What is a resilient relationship?

 

A working definition (incomplete):

A resilient relationship is one that can handle adversity, disagreement, misunderstanding, stress, and hurt through healthy conflict and skillful communication. While it can feel uncomfortable to sit in the discomfort of conflict, surface positivity, false harmony, and avoidance don’t create resilient relationships. Like trees planted in shallow soil, these kinds of relationships don’t develop deep roots, and can’t survive emotional storms. In fact, surface positivity, false harmony, and avoiding conflict create emotional storms. Like slowly putting pebbles of unresolved hurts onto a rock pile, the weight of avoidance can make relationships heavy, nurture mistrust, and create resentment. We can end up carrying around all this weight and even bringing it into other relationships.

 

People in resilient relationships move through disagreement to mutual understanding, establish boundaries that create safety, and support each other to meet emotional needs. People in resilient relationships have a shared understanding about protocols-rules of engagement-for healthy conflict. People in resilient relationships also have shared intention towards understanding each other, willingness to see conflict from the other person’s perspective, and internal awareness about what emotions and experiences they bring to a conflict that influence their reactions and perceptions.

 

Resilient relationships, and the skills to nurture them, are created slowly with effort, intention, and practice.
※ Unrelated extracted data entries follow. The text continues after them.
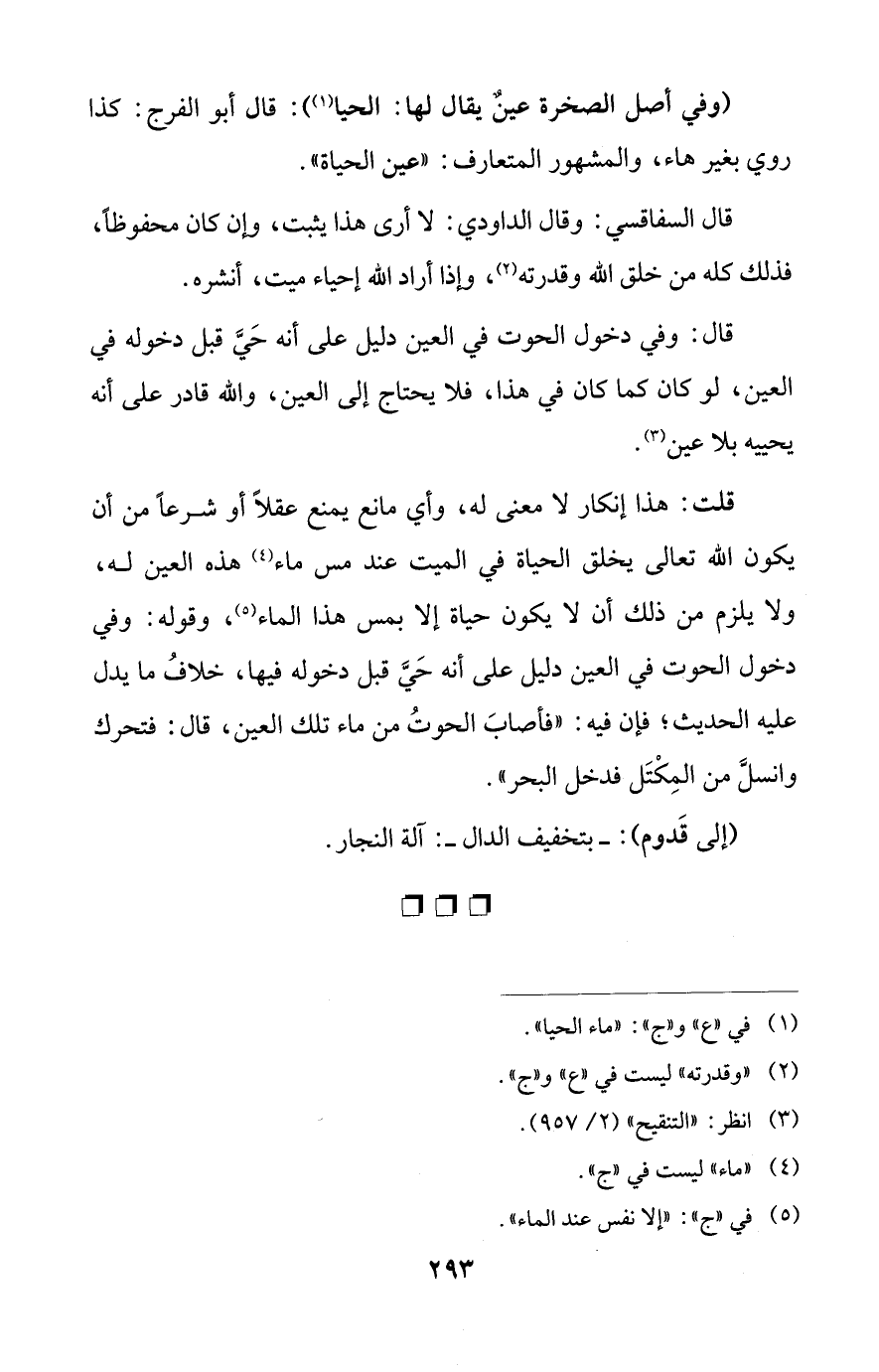 قلت: هذا إنكار لا معنى له، وأي مانع يمنع عقلًا أو شرعًا من أن يكون الله تعالى يخلق الحياة في الميت عند مس ماء (¬4) هذه العين له، ولا يلزم من ذلك أن لا يكون حياة إلا بمس هذا الماء (¬5)، وقوله: وفي دخول الحوت في العين دليل على أنه حَيَّ قبل دخوله فيها، خلافُ ما يدل عليه الحديث؛ فإن فيه: "فأصابَ الحوتُ من ماء تلك العين، قال: فتحرك وانسلَّ من المِكْتَل فدخل البحر".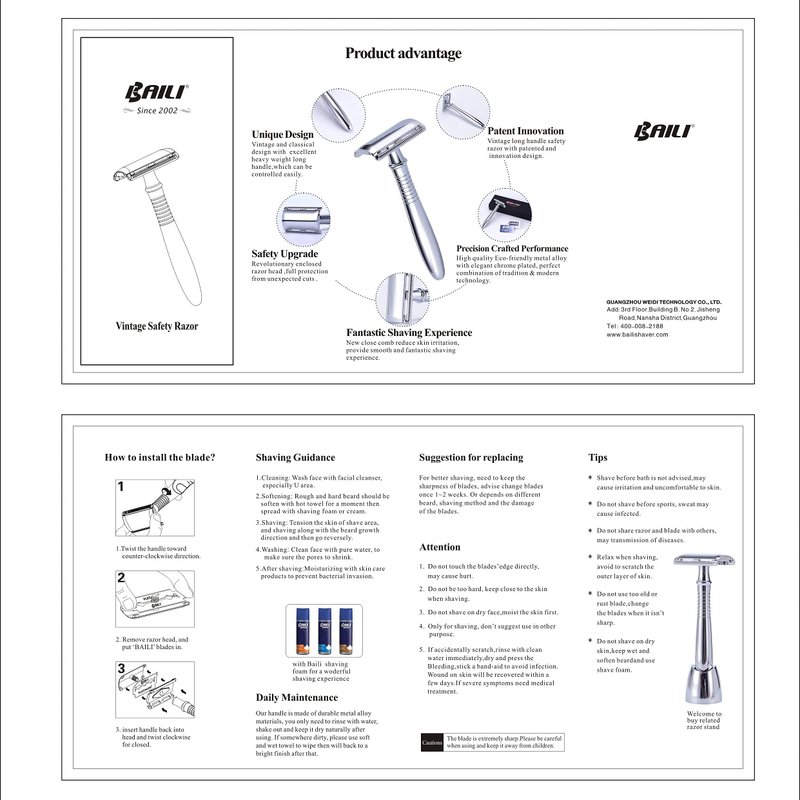 BAILI is professional in manufacturing of all kinds of shaving products (shaving razor, razor blade, shaving foam and so on).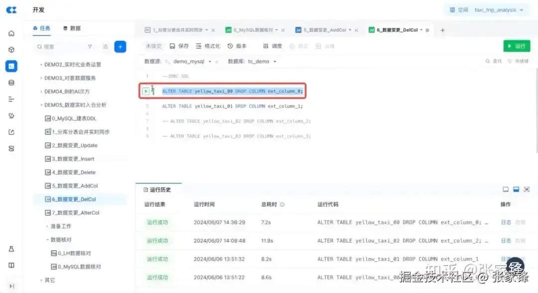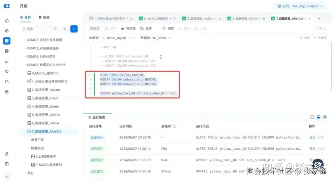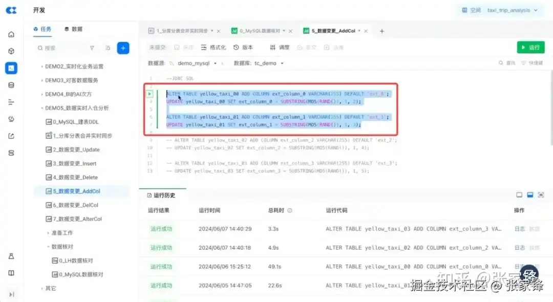 云器Lakehouse产品支持直接操纵源端数据库,通过 SQL 来对源端数据库进行修改、查询等操作,首先我们对源端数据进行变更,先在源端添加一些新的字段:ext_column_0 & ext_column_1,并在源端表里删掉一个字段,同时更改一个字段类型从 int 改为 bigint 。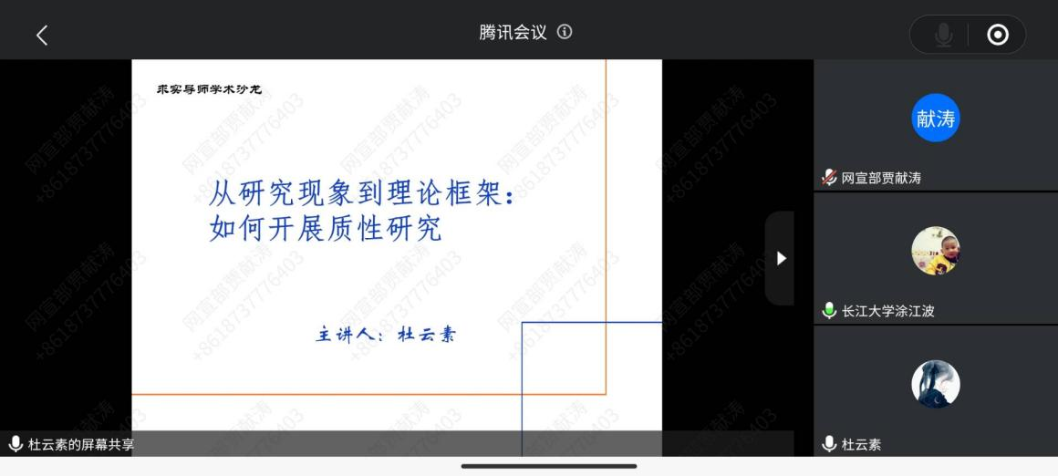 会上,杜云素从定性研究和定量研究的区别和对象选择入手讲授了质性研究的适用范围;以自己的亲身经历告诫同学们要锚定和围绕“研究空地”,选定理论视角,明确研究内容,界定核心概念,拟定关键问题的方法做质性研究设计;用阅读文本、撰写笔记、分类思考、互相讨论、头脑风暴等方法进行资料分析;并通过郑丹丹教授论文中的质性研究案例强调理论在质性研究中的重要作用。在提问环节,她细心解答同学们提出的调查问卷前期准备工作等相关问题,建议同学们以调查问卷的研究方法为主,明确中心概念,利用概念图示理顺逻辑,辅助研究和写作。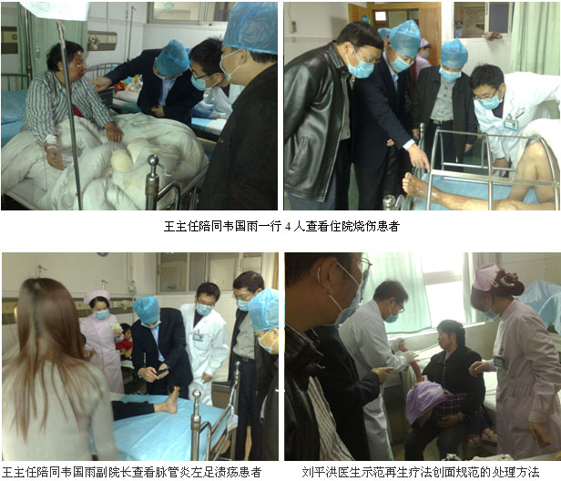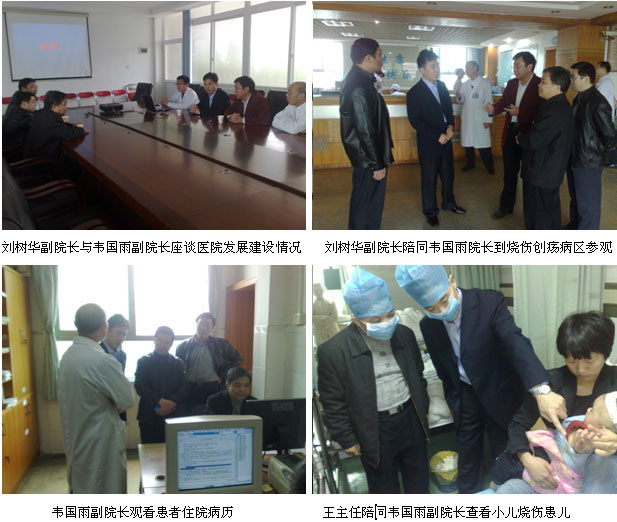 2011年3月21日上午9時(shí)30分,桂平市中醫(yī)院的韋國(guó)雨副院長(zhǎng)、大骨科主任黎小琳副主任醫(yī)師、大外科主任黎海副主任醫(yī)師等4人在王洪生主任陪同下來(lái)到廣州市中西醫(yī)結(jié)合醫(yī)院參觀交流,廣州市中西醫(yī)結(jié)合醫(yī)院主管副院長(zhǎng)劉樹(shù)華副主任醫(yī)師、大外科主任張向東副主任醫(yī)師親自到醫(yī)院大門(mén)迎接。韋國(guó)雨一行首先在劉樹(shù)華副院長(zhǎng)及張向東主任的陪同下來(lái)到該醫(yī)院住院大樓6樓燒傷創(chuàng)瘍科參觀,主治醫(yī)師劉平洪帶領(lǐng)大家深入燒傷創(chuàng)瘍病房,查看正在該科住院的燒傷、脈管炎合并下肢潰瘍、褥瘡、糖尿病足等患者,并親自為患者換藥示范皮膚原位再生復(fù)原醫(yī)療技術(shù)規(guī)范的創(chuàng)面處理技術(shù)。查房結(jié)束后,韋國(guó)雨副院長(zhǎng)一行又來(lái)到該院門(mén)診四樓小會(huì)議室,進(jìn)行座談交流,在座談會(huì)上,首先劉樹(shù)華副院長(zhǎng)介紹了該院的整體發(fā)展情況,隨后劉平洪主治醫(yī)師著重介紹了這幾年運(yùn)用皮膚原位再生復(fù)原醫(yī)療技術(shù)治療大面積深度燒傷及糖尿病足等難愈性創(chuàng)面典型臨床病例資料。在座談會(huì)結(jié)束后,韋國(guó)雨副院長(zhǎng)對(duì)劉樹(shù)華副院長(zhǎng)地?zé)崆榻哟硎玖酥孕母兄x,他說(shuō),我們廣東、廣西同飲一江水,希望以后進(jìn)一步加強(qiáng)兩院之間的交流,以增進(jìn)友誼,相互學(xué)習(xí),相互借鑒好的技術(shù),共同發(fā)展,共同提高。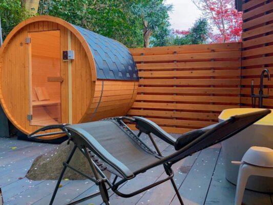 テラスに設置されたバレルサウナは定員4名で、セルフロウリュに対応。約90度のサウナ室で好きなタイミングでロウリュをかけながら、森の中にいるような静かな空間でじっくり蒸されます。水風呂は水道水をそのまま使っていて、夏場は受付で氷をもらえるのもありがたい。フルフラットのチェアが3脚置かれた外気浴スペースでは、人目を気にせず裸のまま風に当たれます。カップルや家族で水着なしで入れるのがプライベートサウナならでは。日帰り3時間から利用できますが、時間を気にせず過ごせる宿泊がやっぱりおすすめです。

Resilient relationships take a lot of humility, compassion, and a willingness to sit in the discomfort of one’s impact. People in resilient relationships can accept that they have made mistakes, caused harm, or gotten stuck in their conditioned emotional responses. People in resilient relationships can accept that their perspective, or feelings, aren’t a complete picture of what’s happening in a conflict. People in resilient relationships can face their hurt feelings and then let them go. People in resilient relationships can offer sincere apology for their impact, regardless of intention, and work with another person’s pain to repair the relationship.

 

Reflective Questions:

  • What, if any, resilient relationships do you have in your life?
  • What, if any, resilient relationships do you have in your ILR work?
  • What are other aspects of resiliency besides those already identified?
  • When is a time when you and another person were able to move through healthy conflict? How did you do it?

 

Why do resilient relationships matter? 

 

In the field of ILR, and in Indigenous communities overall, as practitioners we are going to bump up against other people’s pain, shame, anger, grief, or sadness. We are going to bump up against their coping mechanisms, trauma triggers, and conditioned emotional responses. Equally, people are going to bump up against our own in ways that create conflict, stress, or hurt. Accumulated unresolved conflict, stress, or hurt is toxic. While we can’t necessarily nurture resiliency in every relationship, we can seek to grow it any relationship where the other person is sincerely committed to sharing that intention-and learning the skills-necessary for resiliency.

 

Reflective Questions:

  • Can you think of a moment of conflict, stress, or hurt where having the skills to nurture resilient relationships might have helped you?
  • Can you think of a relationship in the present where you could safely ask another person to share intention with you to learn skills around creating a resilient relationship?